[Opening Given data section]

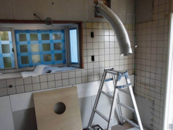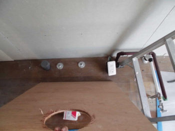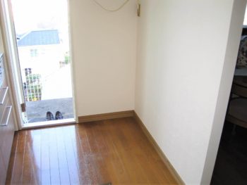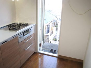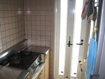 勝手口があるのでシステムキッチンの出幅に注意が必要です。
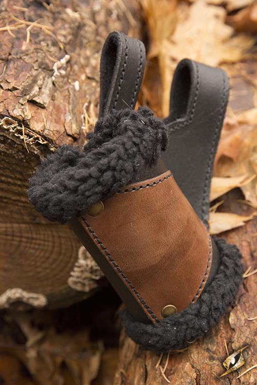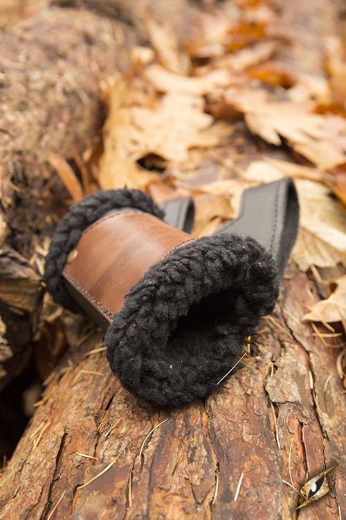 Kombinieren Sie diesen Black Fur Holder mit jedem Charakter, den Sie ausrüsten möchten, indem Sie den Halter durch die 4,5 cm lange Gürtelschlaufe an Ihrem Gürtel befestigen. Aus chromgegerbtem, vollnarbigem Leder gefertigt, an den Rändern vernäht und mit Messingnieten verstärkt, ist dieser Waffenhalter so gebaut, dass er bei regelmäßiger Lederpflege seine Form behält und dem Missbrauch bei einem LARP standhält.
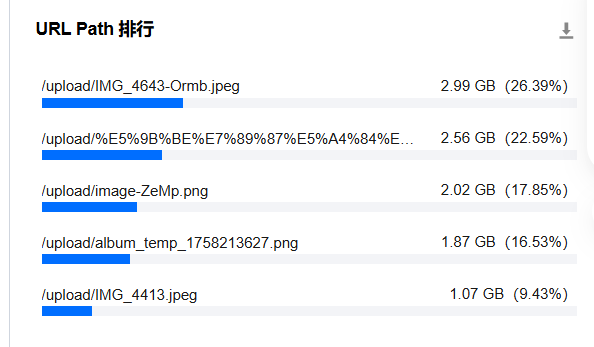 这是典型的流量异常,不符合我这个“无人问津”的博客定位。几个体积比较大的静态图片冲上流量榜首,十分恐怖。
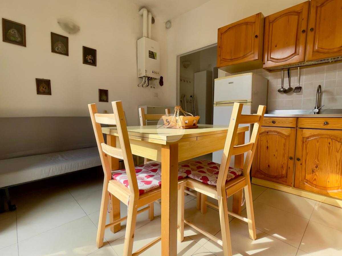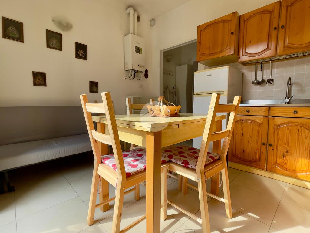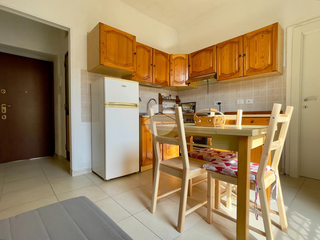 L’immobile è composto dalla zona giorno da un divano letto e angola cottura, prosegue con la zona notte composta da letto matrimoniale ed infine il bagno con doccia e lavatrice. Sia la zona giorno, che la zona notte sono esposte a sud, ed entrambi i locali hanno la porta finestra che porta luce negli ambienti.

[Closing Given data section]

→ What this task involves:
Once the pictures are set aside, repeat the data above exactly.

→ Task result:
 勝手口があるのでシステムキッチンの出幅に注意が必要です。
 Kombinieren Sie diesen Black Fur Holder mit jedem Charakter, den Sie ausrüsten möchten, indem Sie den Halter durch die 4,5 cm lange Gürtelschlaufe an Ihrem Gürtel befestigen. Aus chromgegerbtem, vollnarbigem Leder gefertigt, an den Rändern vernäht und mit Messingnieten verstärkt, ist dieser Waffenhalter so gebaut, dass er bei regelmäßiger Lederpflege seine Form behält und dem Missbrauch bei einem LARP standhält.
 这是典型的流量异常,不符合我这个“无人问津”的博客定位。几个体积比较大的静态图片冲上流量榜首,十分恐怖。
 L’immobile è composto dalla zona giorno da un divano letto e angola cottura, prosegue con la zona notte composta da letto matrimoniale ed infine il bagno con doccia e lavatrice. Sia la zona giorno, che la zona notte sono esposte a sud, ed entrambi i locali hanno la porta finestra che porta luce negli ambienti.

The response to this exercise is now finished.